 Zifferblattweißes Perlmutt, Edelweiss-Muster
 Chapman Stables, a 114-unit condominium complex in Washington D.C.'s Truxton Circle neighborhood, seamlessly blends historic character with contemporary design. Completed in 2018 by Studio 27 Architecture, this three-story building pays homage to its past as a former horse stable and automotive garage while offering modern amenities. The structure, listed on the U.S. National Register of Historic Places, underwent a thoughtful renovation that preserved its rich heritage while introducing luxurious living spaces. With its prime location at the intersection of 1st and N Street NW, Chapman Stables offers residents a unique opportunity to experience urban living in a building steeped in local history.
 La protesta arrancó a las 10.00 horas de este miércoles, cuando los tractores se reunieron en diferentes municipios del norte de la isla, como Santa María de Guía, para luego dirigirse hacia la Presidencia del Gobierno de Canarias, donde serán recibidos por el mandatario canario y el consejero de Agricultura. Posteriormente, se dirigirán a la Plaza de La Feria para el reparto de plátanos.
______________________________
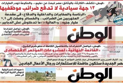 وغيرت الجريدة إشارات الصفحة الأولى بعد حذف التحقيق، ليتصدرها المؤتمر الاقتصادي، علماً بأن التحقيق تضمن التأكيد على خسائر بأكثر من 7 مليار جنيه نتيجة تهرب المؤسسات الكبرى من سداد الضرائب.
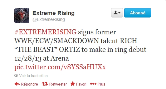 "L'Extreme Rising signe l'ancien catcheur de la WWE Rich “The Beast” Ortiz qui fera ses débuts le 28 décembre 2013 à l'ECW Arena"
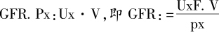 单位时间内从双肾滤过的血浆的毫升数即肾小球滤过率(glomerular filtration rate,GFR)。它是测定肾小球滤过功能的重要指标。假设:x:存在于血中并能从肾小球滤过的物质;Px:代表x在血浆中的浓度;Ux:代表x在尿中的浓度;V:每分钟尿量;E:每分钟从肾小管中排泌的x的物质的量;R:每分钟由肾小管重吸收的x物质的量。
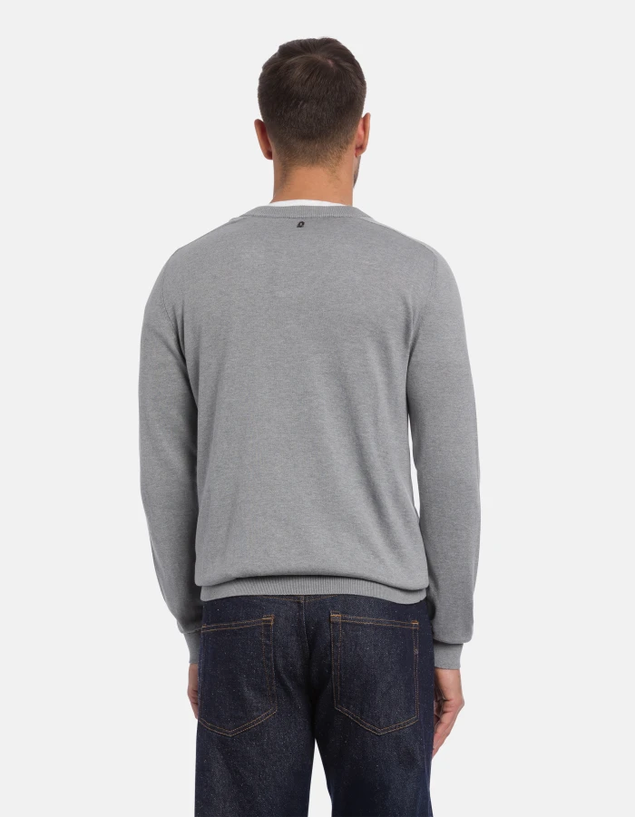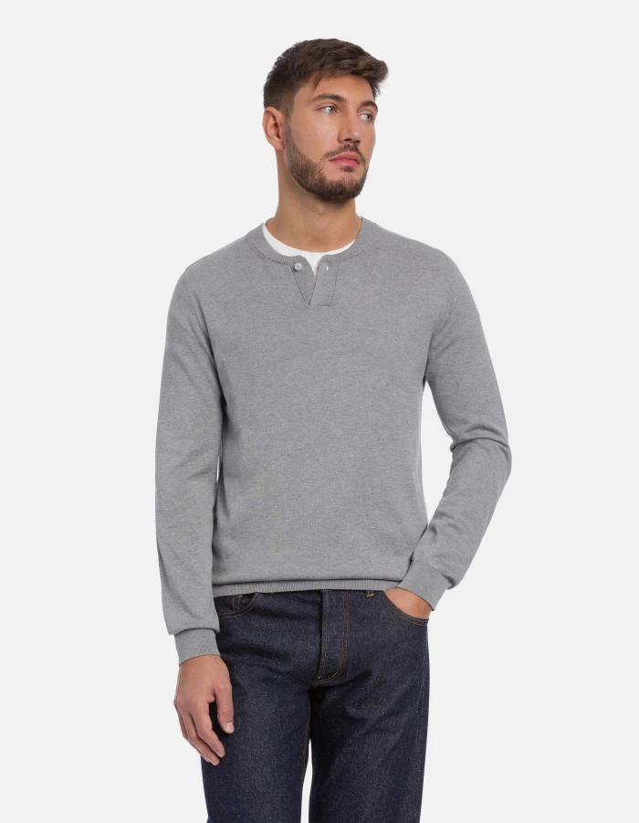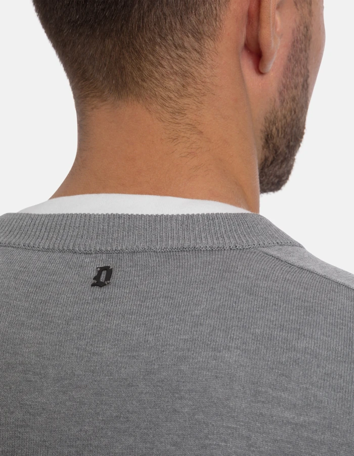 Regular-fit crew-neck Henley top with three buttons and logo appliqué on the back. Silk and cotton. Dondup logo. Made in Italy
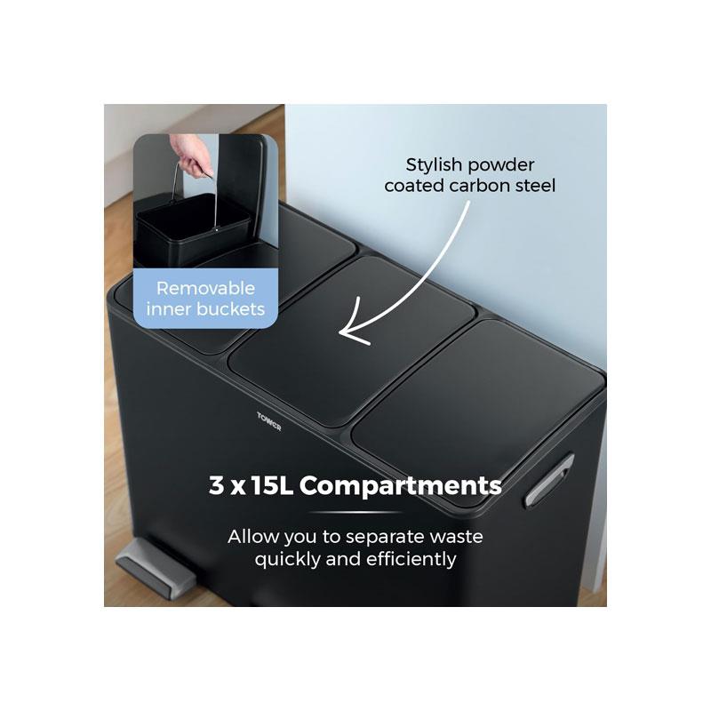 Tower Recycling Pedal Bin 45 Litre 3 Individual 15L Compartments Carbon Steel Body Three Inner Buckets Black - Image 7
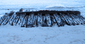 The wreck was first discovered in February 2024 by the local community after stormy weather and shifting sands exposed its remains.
______________________________
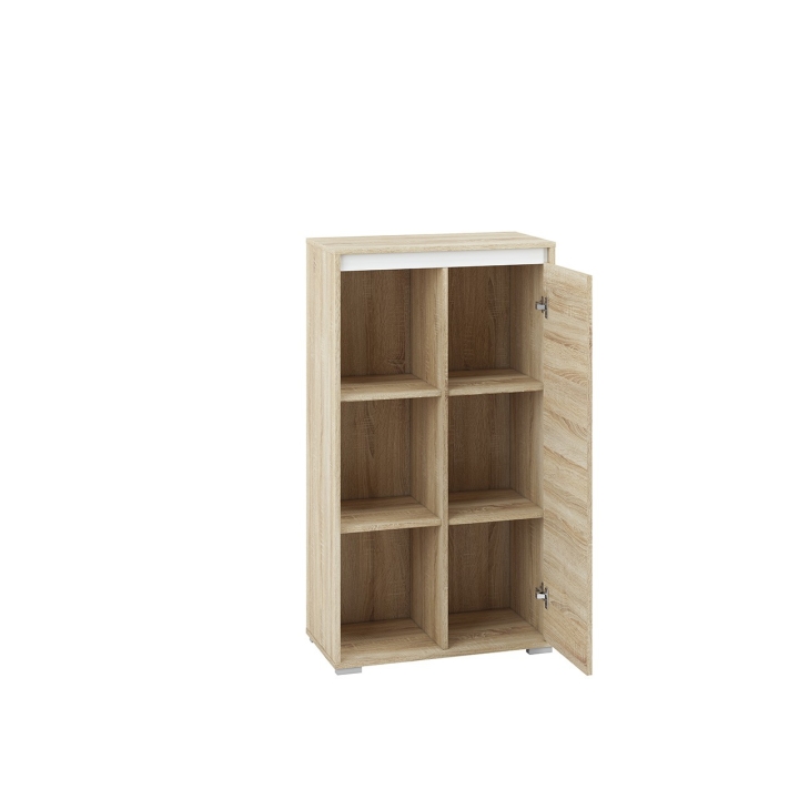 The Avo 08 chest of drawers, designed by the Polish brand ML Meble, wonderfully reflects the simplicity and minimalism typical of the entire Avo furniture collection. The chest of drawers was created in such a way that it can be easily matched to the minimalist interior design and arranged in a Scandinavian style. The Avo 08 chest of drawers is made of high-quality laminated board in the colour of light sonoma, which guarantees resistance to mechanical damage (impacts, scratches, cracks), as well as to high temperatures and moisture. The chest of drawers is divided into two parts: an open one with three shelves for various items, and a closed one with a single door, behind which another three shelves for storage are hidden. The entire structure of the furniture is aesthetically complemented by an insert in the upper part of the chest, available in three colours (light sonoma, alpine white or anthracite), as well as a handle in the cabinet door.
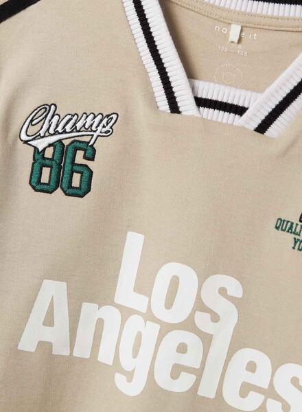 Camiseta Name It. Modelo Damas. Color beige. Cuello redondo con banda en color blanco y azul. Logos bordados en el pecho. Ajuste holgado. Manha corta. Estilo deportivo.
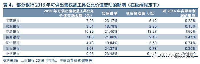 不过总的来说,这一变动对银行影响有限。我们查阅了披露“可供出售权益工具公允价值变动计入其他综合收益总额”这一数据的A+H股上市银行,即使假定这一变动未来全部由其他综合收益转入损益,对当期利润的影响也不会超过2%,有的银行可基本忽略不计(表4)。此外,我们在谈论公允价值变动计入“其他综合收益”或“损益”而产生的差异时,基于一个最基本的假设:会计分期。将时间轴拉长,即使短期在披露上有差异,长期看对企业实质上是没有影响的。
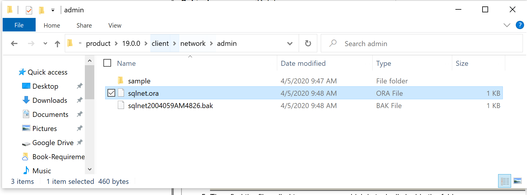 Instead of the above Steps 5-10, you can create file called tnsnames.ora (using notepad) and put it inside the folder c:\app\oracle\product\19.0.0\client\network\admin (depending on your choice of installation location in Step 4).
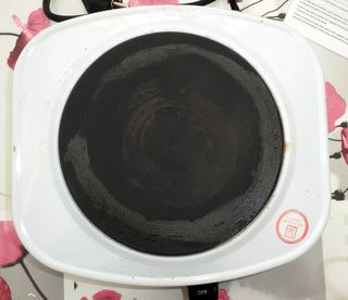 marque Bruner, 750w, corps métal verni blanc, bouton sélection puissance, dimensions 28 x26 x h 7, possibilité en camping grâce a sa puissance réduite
______________________________
=== What is needed ===
Find where the line with "The Avo 08 chest of drawers, designed" sits in the material above and where the line with "marque Bruner, 750w, corps" sits. Set down exactly the lines from the first to the second, both included and nothing else, without pictures.

=== Exercise output ===
 The Avo 08 chest of drawers, designed by the Polish brand ML Meble, wonderfully reflects the simplicity and minimalism typical of the entire Avo furniture collection. The chest of drawers was created in such a way that it can be easily matched to the minimalist interior design and arranged in a Scandinavian style. The Avo 08 chest of drawers is made of high-quality laminated board in the colour of light sonoma, which guarantees resistance to mechanical damage (impacts, scratches, cracks), as well as to high temperatures and moisture. The chest of drawers is divided into two parts: an open one with three shelves for various items, and a closed one with a single door, behind which another three shelves for storage are hidden. The entire structure of the furniture is aesthetically complemented by an insert in the upper part of the chest, available in three colours (light sonoma, alpine white or anthracite), as well as a handle in the cabinet door.
 Camiseta Name It. Modelo Damas. Color beige. Cuello redondo con banda en color blanco y azul. Logos bordados en el pecho. Ajuste holgado. Manha corta. Estilo deportivo.
 不过总的来说,这一变动对银行影响有限。我们查阅了披露“可供出售权益工具公允价值变动计入其他综合收益总额”这一数据的A+H股上市银行,即使假定这一变动未来全部由其他综合收益转入损益,对当期利润的影响也不会超过2%,有的银行可基本忽略不计(表4)。此外,我们在谈论公允价值变动计入“其他综合收益”或“损益”而产生的差异时,基于一个最基本的假设:会计分期。将时间轴拉长,即使短期在披露上有差异,长期看对企业实质上是没有影响的。
 Instead of the above Steps 5-10, you can create file called tnsnames.ora (using notepad) and put it inside the folder c:\app\oracle\product\19.0.0\client\network\admin (depending on your choice of installation location in Step 4).
 marque Bruner, 750w, corps métal verni blanc, bouton sélection puissance, dimensions 28 x26 x h 7, possibilité en camping grâce a sa puissance réduite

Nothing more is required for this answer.